:: Exercise instructions ::
Print each line exactly, from the one with "Bước 3: Chọn" to the very last line of the listing, and keep the pictures out.

:: Dataset content ::
——

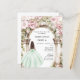 Une grande arche en marbre décorée de fleurs roses. Une fille avec une robe verte. Personnalisez et ajoutez un nom et des détails. 1 feuille = 1 invite imprimé bord à bord.
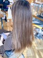 - ケアブリーチを使用したハイライトでヌーディーカラーに。ハイライトとバレイヤージュの組み合わせです。
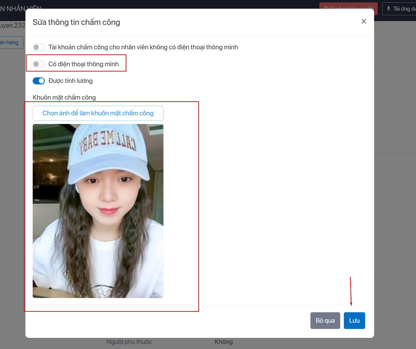 Bước 3: Chọn cấu hình Không có smartphone và Được tính lương → Cập nhật ảnh FaceID chấm công của nhân viên → Chọn vào Lưu để hoàn thành công việc.
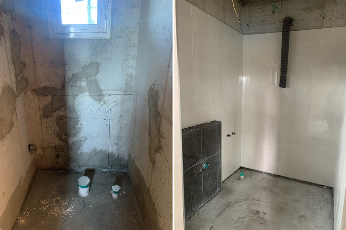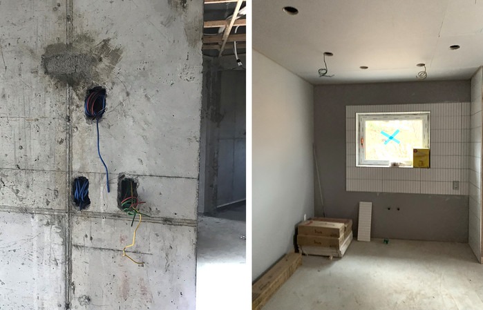 | ▲(좌)콘센트와 스위치의 위치 (우)나무 합판 위에 석고보드 부착. 실내공사가 마무리되었기 때문에 전기공사를 변경하는 것이 매우 어렵다. |
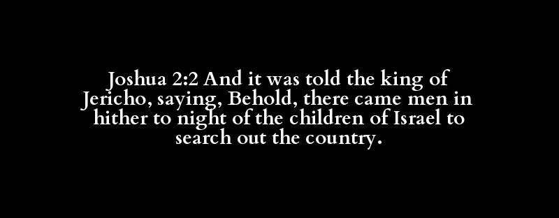 Joshua 2:2 And it was told the king of Jericho, saying, Behold, there came men in hither to night of the children of Israel to search out the country.
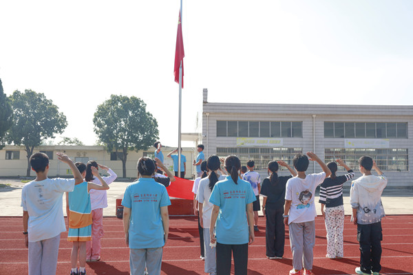七月的腊树中学操场热浪蒸腾,却掩不住少年们眼中的专注与庄重。伴随《出旗曲》奏响,红色队旗在护旗手稳健的步伐中向前移动,倾斜45度的旗面掠过炽热阳光。全体少先队员五指并拢高举头顶,标准的队礼无声诉说着对组织的赤诚。在“音为爱”团队的精心组织下,“红领巾爱祖国”少先队仪式教育庄严展开。

——

:: Written answer ::
 Bước 3: Chọn cấu hình Không có smartphone và Được tính lương → Cập nhật ảnh FaceID chấm công của nhân viên → Chọn vào Lưu để hoàn thành công việc.
 | ▲(좌)콘센트와 스위치의 위치 (우)나무 합판 위에 석고보드 부착. 실내공사가 마무리되었기 때문에 전기공사를 변경하는 것이 매우 어렵다. |
 Joshua 2:2 And it was told the king of Jericho, saying, Behold, there came men in hither to night of the children of Israel to search out the country.
七月的腊树中学操场热浪蒸腾,却掩不住少年们眼中的专注与庄重。伴随《出旗曲》奏响,红色队旗在护旗手稳健的步伐中向前移动,倾斜45度的旗面掠过炽热阳光。全体少先队员五指并拢高举头顶,标准的队礼无声诉说着对组织的赤诚。在“音为爱”团队的精心组织下,“红领巾爱祖国”少先队仪式教育庄严展开。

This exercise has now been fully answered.